Task goal - Each entry is to be given again word for word; images are dropped.

(Recorded data)

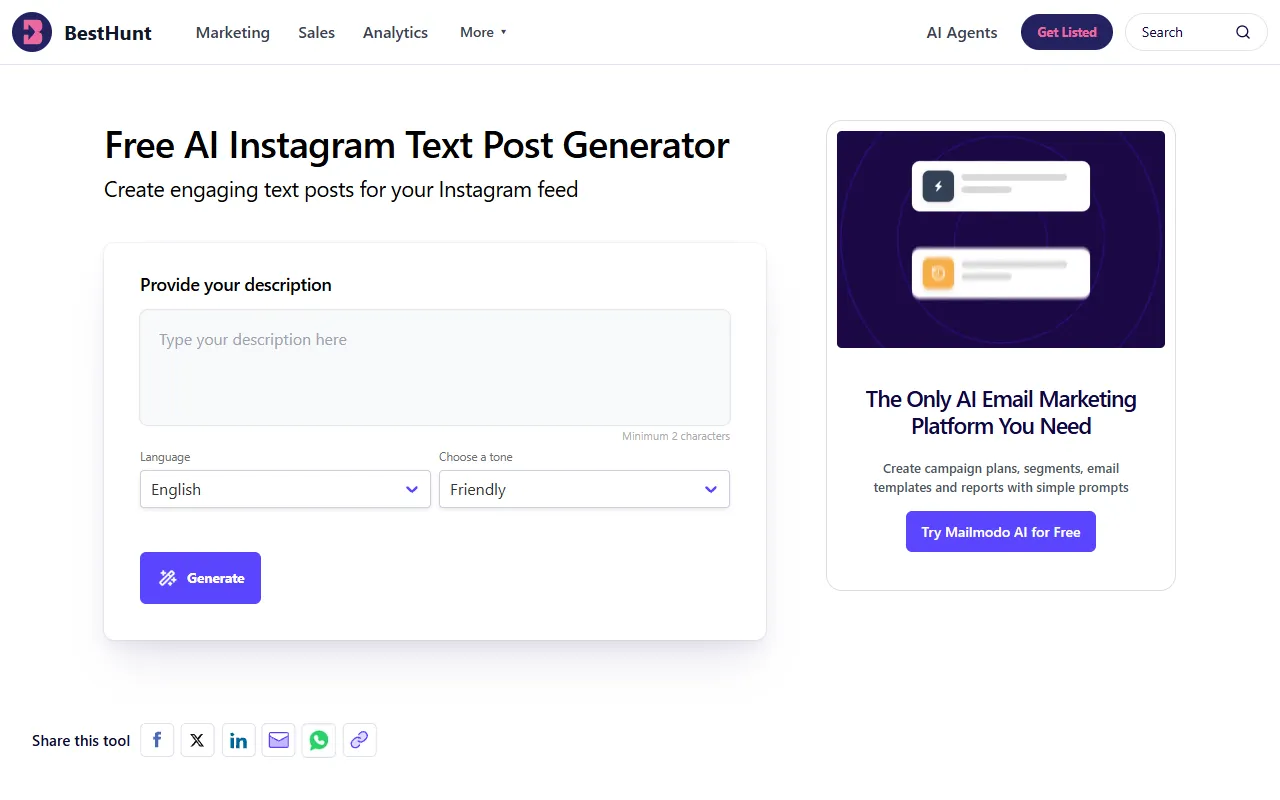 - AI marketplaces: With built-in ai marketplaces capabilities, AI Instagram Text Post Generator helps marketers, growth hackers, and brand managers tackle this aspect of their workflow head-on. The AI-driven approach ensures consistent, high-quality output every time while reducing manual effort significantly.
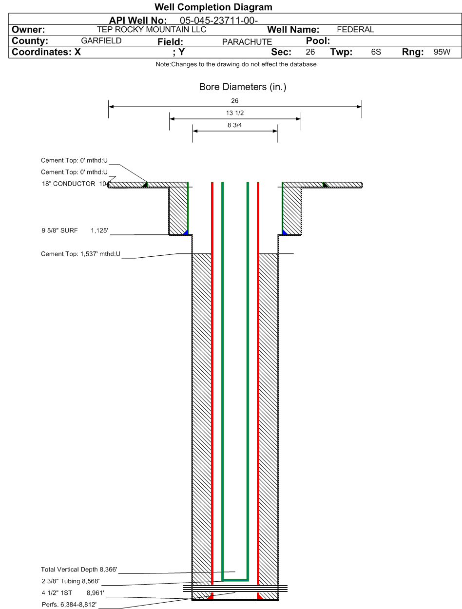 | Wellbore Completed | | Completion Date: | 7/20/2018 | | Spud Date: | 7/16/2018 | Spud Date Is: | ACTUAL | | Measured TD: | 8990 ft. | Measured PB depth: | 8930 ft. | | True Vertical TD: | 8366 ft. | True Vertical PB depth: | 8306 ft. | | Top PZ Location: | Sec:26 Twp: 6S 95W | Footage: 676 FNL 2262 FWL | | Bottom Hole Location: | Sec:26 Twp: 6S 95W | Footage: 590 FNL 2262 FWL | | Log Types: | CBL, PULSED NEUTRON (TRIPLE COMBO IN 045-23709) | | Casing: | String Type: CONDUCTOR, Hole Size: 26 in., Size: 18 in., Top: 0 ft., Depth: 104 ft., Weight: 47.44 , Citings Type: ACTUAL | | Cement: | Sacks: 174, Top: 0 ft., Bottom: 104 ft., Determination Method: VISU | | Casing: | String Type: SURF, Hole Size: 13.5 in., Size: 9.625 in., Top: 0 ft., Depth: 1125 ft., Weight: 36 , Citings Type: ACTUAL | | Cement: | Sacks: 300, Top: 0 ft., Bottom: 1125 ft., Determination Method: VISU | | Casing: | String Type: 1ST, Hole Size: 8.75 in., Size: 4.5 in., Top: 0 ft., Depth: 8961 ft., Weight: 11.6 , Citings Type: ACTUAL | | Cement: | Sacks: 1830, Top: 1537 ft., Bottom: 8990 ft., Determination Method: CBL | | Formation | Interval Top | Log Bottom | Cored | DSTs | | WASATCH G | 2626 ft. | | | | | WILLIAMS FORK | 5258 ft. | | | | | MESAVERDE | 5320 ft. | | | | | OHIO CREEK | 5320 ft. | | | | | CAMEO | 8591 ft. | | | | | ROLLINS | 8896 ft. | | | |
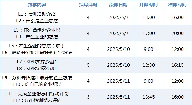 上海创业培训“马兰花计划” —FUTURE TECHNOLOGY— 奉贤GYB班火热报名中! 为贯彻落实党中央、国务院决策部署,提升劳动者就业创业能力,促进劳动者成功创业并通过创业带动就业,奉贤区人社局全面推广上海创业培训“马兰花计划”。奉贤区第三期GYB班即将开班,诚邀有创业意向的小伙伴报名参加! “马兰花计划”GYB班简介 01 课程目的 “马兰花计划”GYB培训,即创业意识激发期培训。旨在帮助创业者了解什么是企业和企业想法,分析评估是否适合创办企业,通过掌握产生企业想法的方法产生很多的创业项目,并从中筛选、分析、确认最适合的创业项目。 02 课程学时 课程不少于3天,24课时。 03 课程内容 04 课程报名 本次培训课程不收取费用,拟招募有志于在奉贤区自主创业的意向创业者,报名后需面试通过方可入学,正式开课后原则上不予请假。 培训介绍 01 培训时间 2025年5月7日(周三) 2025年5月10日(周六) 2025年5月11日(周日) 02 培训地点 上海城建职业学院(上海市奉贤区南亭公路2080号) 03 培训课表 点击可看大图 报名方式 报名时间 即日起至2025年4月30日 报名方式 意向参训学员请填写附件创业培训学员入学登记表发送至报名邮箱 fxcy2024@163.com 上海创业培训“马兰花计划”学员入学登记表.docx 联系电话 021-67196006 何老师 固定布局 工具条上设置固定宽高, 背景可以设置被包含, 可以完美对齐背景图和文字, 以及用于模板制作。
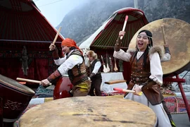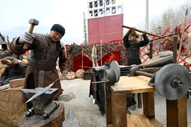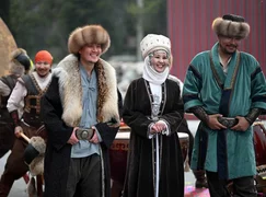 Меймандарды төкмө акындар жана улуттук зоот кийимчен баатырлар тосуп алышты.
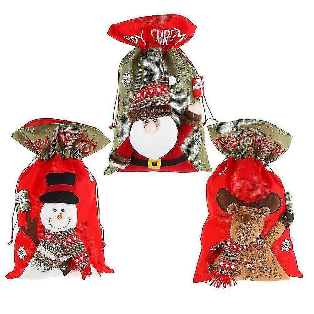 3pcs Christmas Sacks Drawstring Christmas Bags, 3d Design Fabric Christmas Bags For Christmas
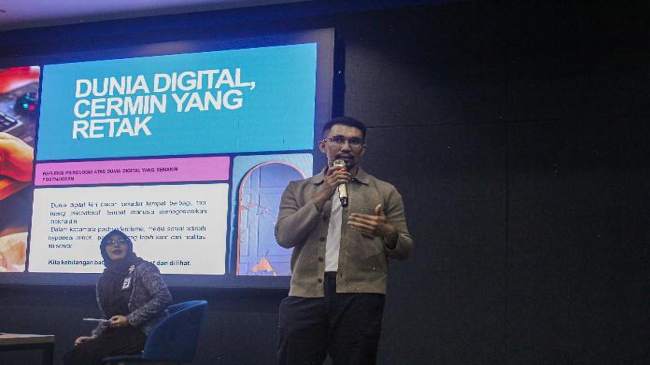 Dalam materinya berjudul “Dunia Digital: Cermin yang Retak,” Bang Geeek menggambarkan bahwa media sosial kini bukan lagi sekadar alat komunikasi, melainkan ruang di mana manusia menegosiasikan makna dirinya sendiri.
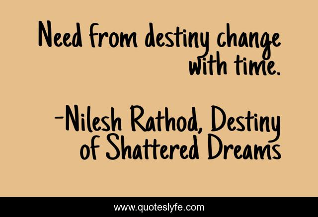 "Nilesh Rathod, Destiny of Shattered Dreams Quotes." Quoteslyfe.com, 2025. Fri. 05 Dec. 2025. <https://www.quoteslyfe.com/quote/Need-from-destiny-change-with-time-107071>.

Solution to the exercise -
 - AI marketplaces: With built-in ai marketplaces capabilities, AI Instagram Text Post Generator helps marketers, growth hackers, and brand managers tackle this aspect of their workflow head-on. The AI-driven approach ensures consistent, high-quality output every time while reducing manual effort significantly.
 | Wellbore Completed | | Completion Date: | 7/20/2018 | | Spud Date: | 7/16/2018 | Spud Date Is: | ACTUAL | | Measured TD: | 8990 ft. | Measured PB depth: | 8930 ft. | | True Vertical TD: | 8366 ft. | True Vertical PB depth: | 8306 ft. | | Top PZ Location: | Sec:26 Twp: 6S 95W | Footage: 676 FNL 2262 FWL | | Bottom Hole Location: | Sec:26 Twp: 6S 95W | Footage: 590 FNL 2262 FWL | | Log Types: | CBL, PULSED NEUTRON (TRIPLE COMBO IN 045-23709) | | Casing: | String Type: CONDUCTOR, Hole Size: 26 in., Size: 18 in., Top: 0 ft., Depth: 104 ft., Weight: 47.44 , Citings Type: ACTUAL | | Cement: | Sacks: 174, Top: 0 ft., Bottom: 104 ft., Determination Method: VISU | | Casing: | String Type: SURF, Hole Size: 13.5 in., Size: 9.625 in., Top: 0 ft., Depth: 1125 ft., Weight: 36 , Citings Type: ACTUAL | | Cement: | Sacks: 300, Top: 0 ft., Bottom: 1125 ft., Determination Method: VISU | | Casing: | String Type: 1ST, Hole Size: 8.75 in., Size: 4.5 in., Top: 0 ft., Depth: 8961 ft., Weight: 11.6 , Citings Type: ACTUAL | | Cement: | Sacks: 1830, Top: 1537 ft., Bottom: 8990 ft., Determination Method: CBL | | Formation | Interval Top | Log Bottom | Cored | DSTs | | WASATCH G | 2626 ft. | | | | | WILLIAMS FORK | 5258 ft. | | | | | MESAVERDE | 5320 ft. | | | | | OHIO CREEK | 5320 ft. | | | | | CAMEO | 8591 ft. | | | | | ROLLINS | 8896 ft. | | | |
 上海创业培训“马兰花计划” —FUTURE TECHNOLOGY— 奉贤GYB班火热报名中! 为贯彻落实党中央、国务院决策部署,提升劳动者就业创业能力,促进劳动者成功创业并通过创业带动就业,奉贤区人社局全面推广上海创业培训“马兰花计划”。奉贤区第三期GYB班即将开班,诚邀有创业意向的小伙伴报名参加! “马兰花计划”GYB班简介 01 课程目的 “马兰花计划”GYB培训,即创业意识激发期培训。旨在帮助创业者了解什么是企业和企业想法,分析评估是否适合创办企业,通过掌握产生企业想法的方法产生很多的创业项目,并从中筛选、分析、确认最适合的创业项目。 02 课程学时 课程不少于3天,24课时。 03 课程内容 04 课程报名 本次培训课程不收取费用,拟招募有志于在奉贤区自主创业的意向创业者,报名后需面试通过方可入学,正式开课后原则上不予请假。 培训介绍 01 培训时间 2025年5月7日(周三) 2025年5月10日(周六) 2025年5月11日(周日) 02 培训地点 上海城建职业学院(上海市奉贤区南亭公路2080号) 03 培训课表 点击可看大图 报名方式 报名时间 即日起至2025年4月30日 报名方式 意向参训学员请填写附件创业培训学员入学登记表发送至报名邮箱 fxcy2024@163.com 上海创业培训“马兰花计划”学员入学登记表.docx 联系电话 021-67196006 何老师 固定布局 工具条上设置固定宽高, 背景可以设置被包含, 可以完美对齐背景图和文字, 以及用于模板制作。
 Меймандарды төкмө акындар жана улуттук зоот кийимчен баатырлар тосуп алышты.
 3pcs Christmas Sacks Drawstring Christmas Bags, 3d Design Fabric Christmas Bags For Christmas
 Dalam materinya berjudul “Dunia Digital: Cermin yang Retak,” Bang Geeek menggambarkan bahwa media sosial kini bukan lagi sekadar alat komunikasi, melainkan ruang di mana manusia menegosiasikan makna dirinya sendiri.
 "Nilesh Rathod, Destiny of Shattered Dreams Quotes." Quoteslyfe.com, 2025. Fri. 05 Dec. 2025. <https://www.quoteslyfe.com/quote/Need-from-destiny-change-with-time-107071>.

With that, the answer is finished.